- _Provided records_:
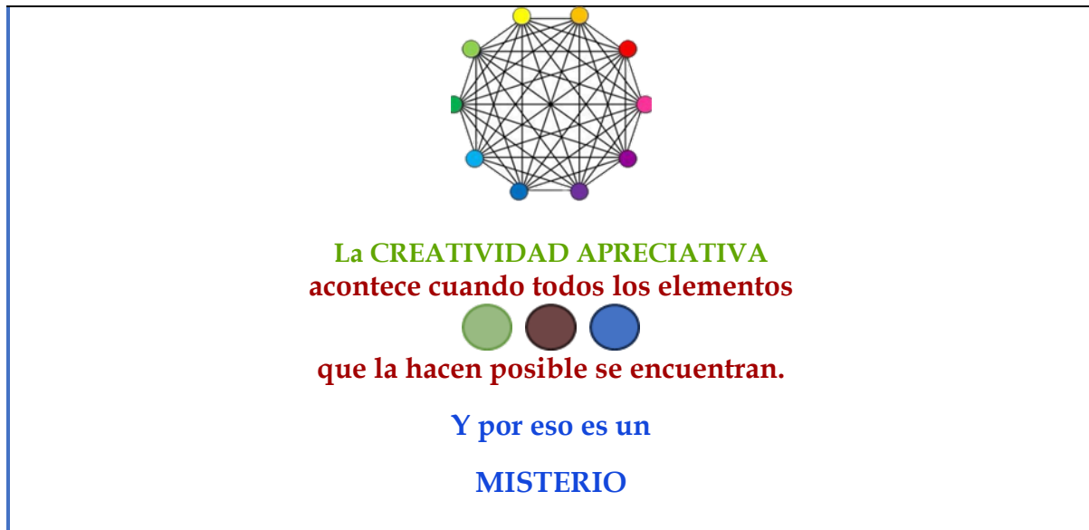
Gráfico 3 TEORÍA DEL ENCUENTRO DE LA CREATIVIDAD

Y termino esta sección con unas reflexiones sobre el tema de cómo diferenciamos una buena teoría de otra que no lo es. ¿Existen criterios universalmente aceptados por científicos y académicos? La respuesta es no, pero si existen ciertos criterios que son asumidos como condiciones necesarias para poder evaluar la validez y el poder de una teoría. Entre estas condiciones está el que el proceso de creación de la teoría haya sido riguroso en todas sus fases, tal como lo he presentado en secciones anteriores. Otra condición sería que la teoría se relacione con la información empírica recogida. Pero, también hay otras condiciones que retan a las que tradicionalmente se han asumido como las únicas y mejores, como las que propone Cooperrider cuando dice que estas serían las preguntas que también tenemos que hacernos a la hora de evaluar una teoría: “¿Hasta qué punto esta teoría presenta nuevas posibilidades provocativas para la acción social y hasta qué punto estimula la normativa del diálogo sobre cómo podemos y debemos organizarnos?” (Cooperrider, 2021, p. 66).
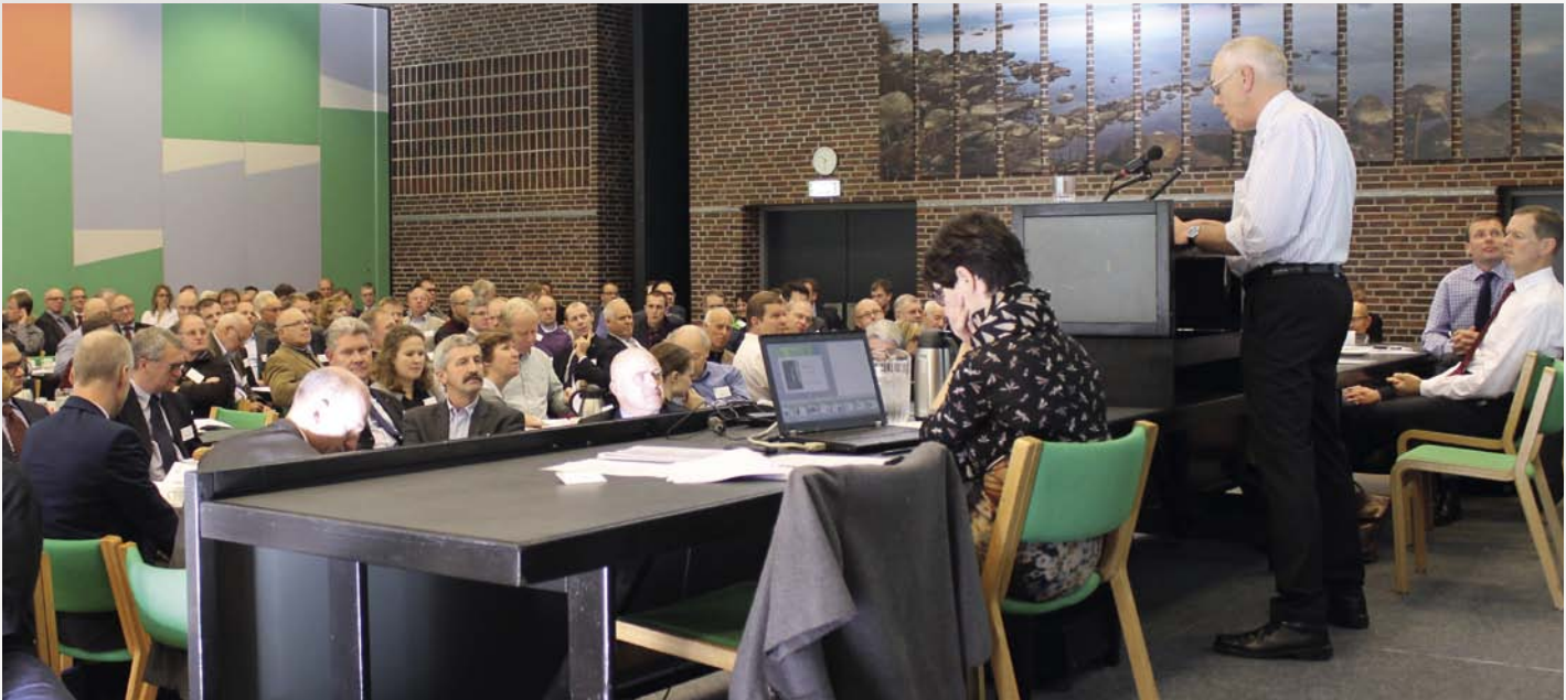
DLFs generalforsamling 2013

Bestyrelsen stiller forslag om, at der fra ekstra reservefond, altså ikke-fordelt egenkapital, overføres otte millioner kroner til driftsfonden, som herefter vil være på 145 millioner kroner, eller 17 pct. af egenkapitalen.
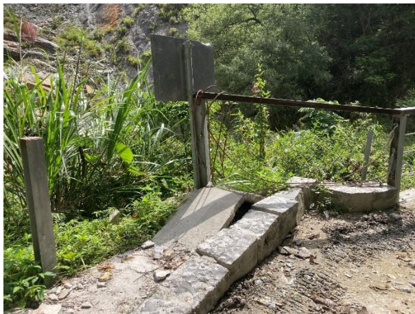
水簾洞口路緣突起
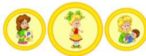
Схема взаимодействия учителя-логопеда и родителей
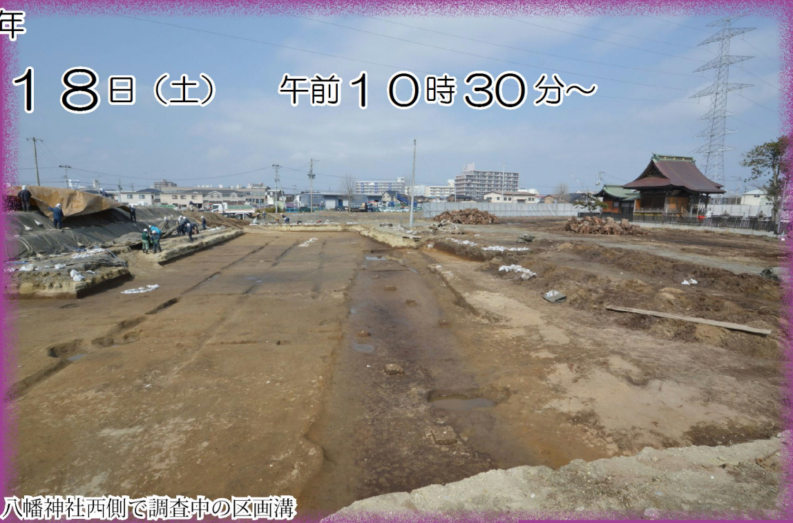
八幡神社西側で調査中の区画溝
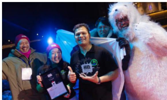
【若者の海外カンファレンス派遣】
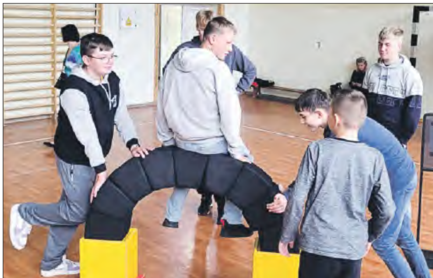
☛ Eksponaty tworzące „O matmo!” podzielone są na trzy grupy tematyczne: matematyka stosowana, podstawy matematyki i matematyka rekreacyjna. Uczniowie mogli m.in. zbudować fuk

Uczniowie z gminy Nowodwór mogli na własne oczy przekonać się, gdzie w otaczającym świecie odnaleźć można matematykę. Mobilna wystawa odwiedza szkoły, które zgłosiły zainteresowanie ekspozycją jeszcze w styczniu. Aby się zakwalifikować, wnioskodawcy musieli przekonać orga-
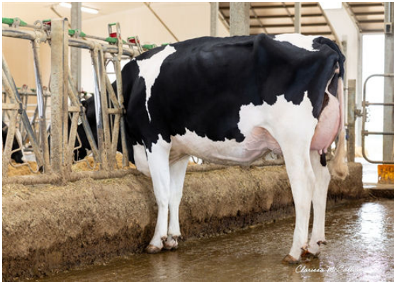
WALNUTLAWN PG TARMAC BRAVO DAUGHTER
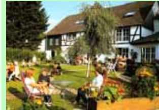
In unserem großen Garten gibt es viel Spielraum für die Kinder und Ruhezeiten für die Erwachsenen

Wir sind immer bemüht, unser Angebot zu erweitern und berichten darüber per Internet und per Rundschreiben an mögliche Gäste.
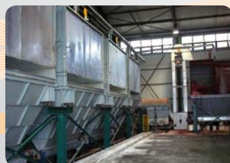
Pesate / Weighted
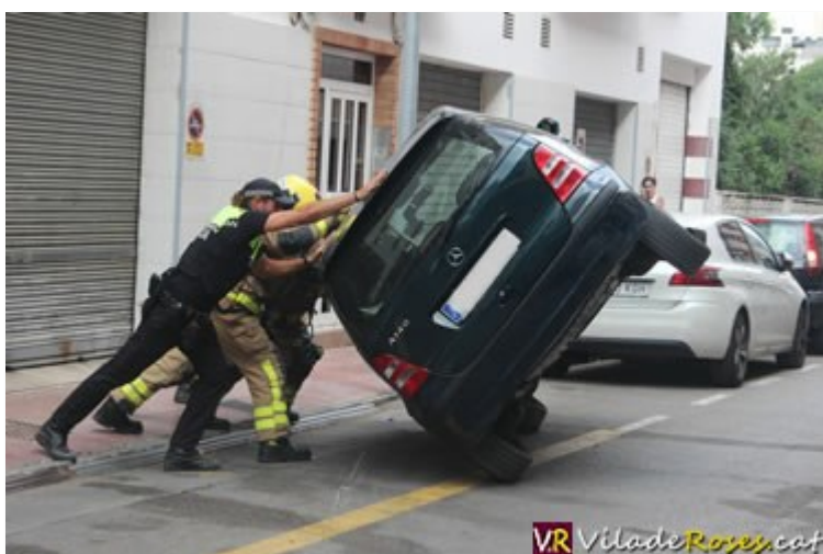
Els Bombers i la Policia Local de Roses posant el cotxe sinistrat sobre les seves quatre rodes

el Mercedes s'enlairés, i anés arrossegant uns 20 metres fins a l'altre extrem de la calçada, on ha topat contra un Peugeot 308.
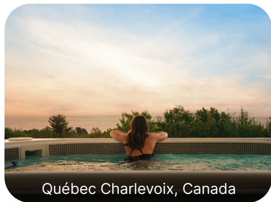
Québec Charlevoix, Canada
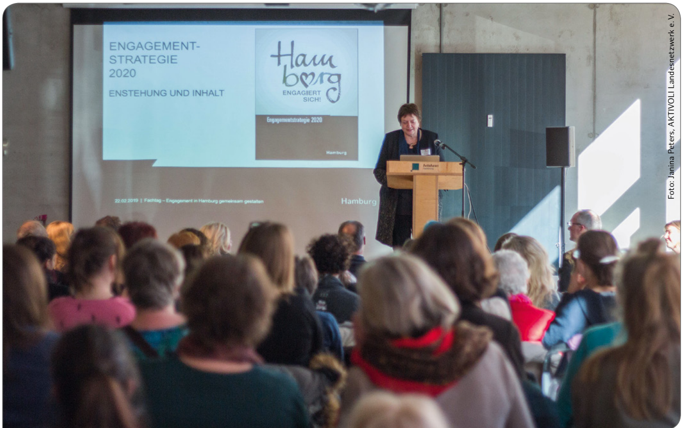
Die Sozialstaatsrätin Petra Lotzkat eröffnet den gesamtstädtischen Fachtag mit dem AKTIVOLI-Landesnetzwerk e.V.

Aufbauend auf den Ergebnissen des Faktages gab es zum Abschluss des Beteiligungsverfahrens drei vertiefende Runden zu besonderen Entwicklungsfeldern des freiwilligen Engagements. Jeweils 15–25 Expertinnen und Experten aus der Praxis trafen sich zu den Themen „Digitalisierung“, „Inklusives Engagement“ sowie „Engagement der Babyboomer-Generation“ und diskutierten die diesbezüglichen Bedarfe, Herausforderungen und Visionen. Auch die Zusammenfassungen der Expertinnen- und Expertenrunden wurden auf der Engagementwebsite der BASFI veröffentlicht.
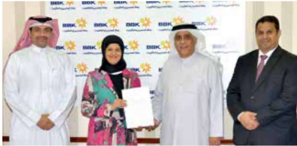
Bahrain Medical Society
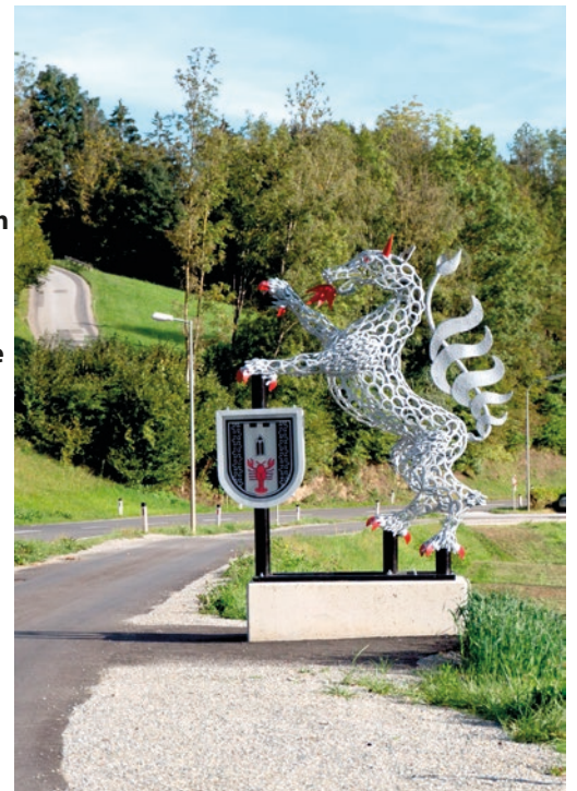
Von Christian Pirkl - Eigenes Werk, CC BY-SA 4.0, https://commons.wikimedia.org

Landeshauptmann Schützenhöfer geht in den wohlverdienten Ruhestand. Nach dem frühzeitigem Abgang von Kurz und Co. fragen sich viele wie es mit der ÖVP jetzt wohl weitergehen wird. Einstweilen hat man einen Nachfolger gefunden.
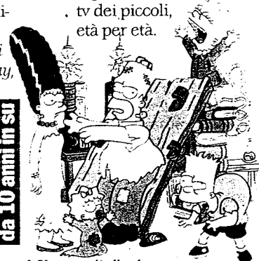
I Simpson Italia 1

un divertente programma americano che stimola adulti e bambini a parlare insieme anche di argomenti seri». Con l'aiuto degli esperti, ecco una guida alla tv dei piccoli, età per età.
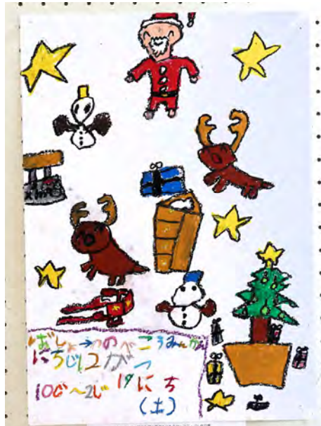
四条北B 津の辺こども会 1年生 延山 諒 作品名:サンタサンはいえ
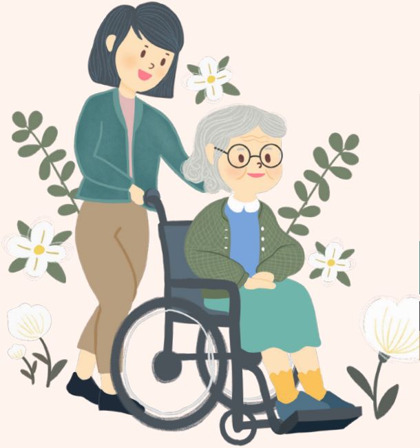
출처 : 국민건강보험공단, 2021 노인장기요양보험 통계연보
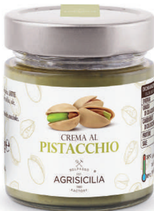
Crema al Pistacchio Pistaziencreme
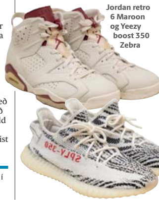
Jordan retro 6 Maroon og Yeezy boost 350 Zebra
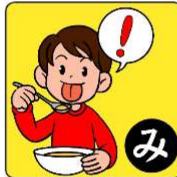
みかく はったつ 味覚が発達する
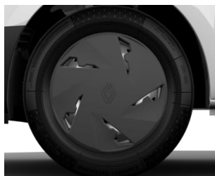
cerchi da 17" Noir
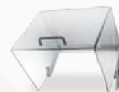
60 MLEPO 00
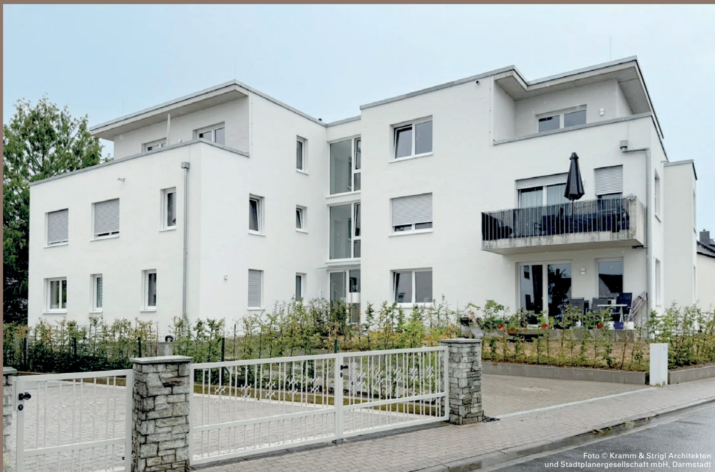
Foto © Kramm & Strigl Architekten und Stadtplanergesellschaft mbH, Darmstadt
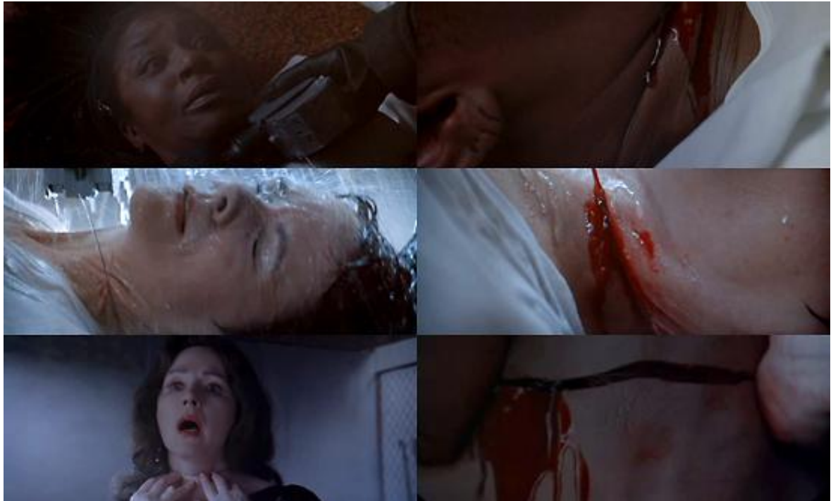
Répéter la mort à l'identique pour mieux l'appréhender, dans Trauma
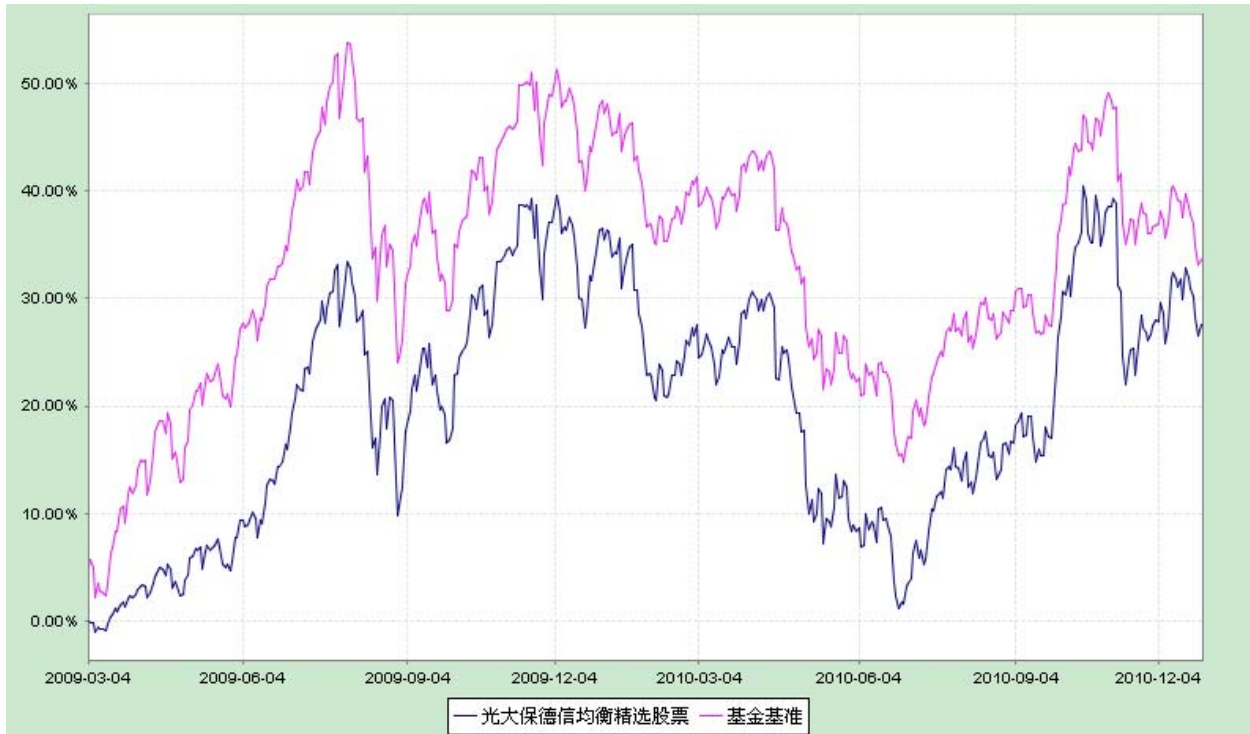
光大保德信均衡精选股票型证券投资基金 份额累计净值增长率与业绩比较基准收益率历史走势对比图 (2009年3月4日至2010年12月31日)

注：根据基金合同的规定，本基金建仓期为2009年3月4日至2009年9月3日。建仓期结束时本基金各项资产配置比例符合本基金合同规定的比例限制及投资组合的比例范围。
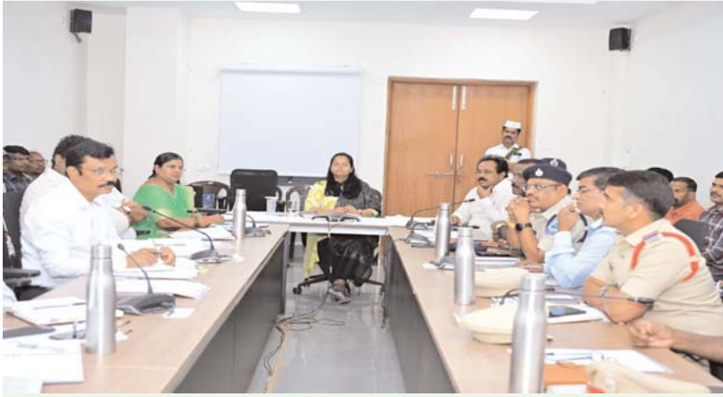
మెడక్ /కొల్హారం మార్చి 26(అక్షర కలం):-

జిల్లా స్టాయి సాండి కమిటీ సమావేశంలో జిల్లాలో ఇసుక అక్రమ తవ్వకాలు, రవాణా నియంత్రణకు పట్టి చర్యలు తీసుకోవాలని జిల్లా కలెక్టర్ ప్రతిమా సింగ్ ఆదేశించారు. జిల్లాలో అక్రమంగా ఇసుక రవాణా చేసే కఠిన చర్యలు తప్పవని కలెక్టర్ హెచ్చరించారు. గురువారం మెడక్ కలెక్టర్లలో నిర్వహించిన జిల్లా స్టాయి సాండి కమిటీ సమావేశంలో అదనపు కలెక్టర్ నగేష్, అదనపు ఎస్పీ మహేందర్, ఆర్.వి.ఎ. తానిల్లార్లు, మైనింగ్, ఇరిగేషన్, పంచాయతీ వాసింగ్ అధికారులతో కలిసి తో కలిసి పాల్గొని మాట్లాడారు. జిల్లాలో ఏప్రిల్ 1 నుండి 100% ఇసుక సరఫరా "మన ఇసుక వాహనం" ద్వారా ఆన్లైన్ విధానంలోనే నిర్వహించాలని స్పష్టం చేశారు. ఇసుక రవాణా పూర్తిగా ప్రభుత్వ నిబంధనలకు అనుగుణంగా జరగాలని అధికారులను ఆదేశించారు. ఇసుక అక్రమంగా ఇసుక రవాణా చేసే వాహనాలు పట్టుబడితే బైందోవర్ కేసులు నమోదు చేసి జరిమానా విధించాలని ఆదేశించారు. ప్రతి ఇందిరమ్మ ఇళ్ల లభిదారులకు సకాలంలో ఇసుక అందించేందుకు ఆన్లైన్ సమయం చేయించాలన్నారు. పోలీస్, రెవెన్యూ, మైనింగ్ అధ్యక్షులలో జిల్లా స్టాయిలో ఒక మొబైల్ టీం ఏర్పాటు చేసి అక్రమంగా ఇసుక రవాణాను అడ్డుకోవాలన్నారు. తహసీల్దార్లు వారానికి కనీసం రెండు సార్లు రీవ్యూ సందర్భించాలని తెలిపారు. ఈ కార్యక్రమంలో అధికారులు సిబ్బంది పాల్గొన్నారు.

- _What to produce_:
The answer must be the part of the records that opens with the line containing "Québec Charlevoix, Canada" and closes with the line containing "Die Sozialstaatsrätin Petra", reproduced exactly, with no pictures.

- _Result of this task_:
Québec Charlevoix, Canada
Die Sozialstaatsrätin Petra Lotzkat eröffnet den gesamtstädtischen Fachtag mit dem AKTIVOLI-Landesnetzwerk e.V.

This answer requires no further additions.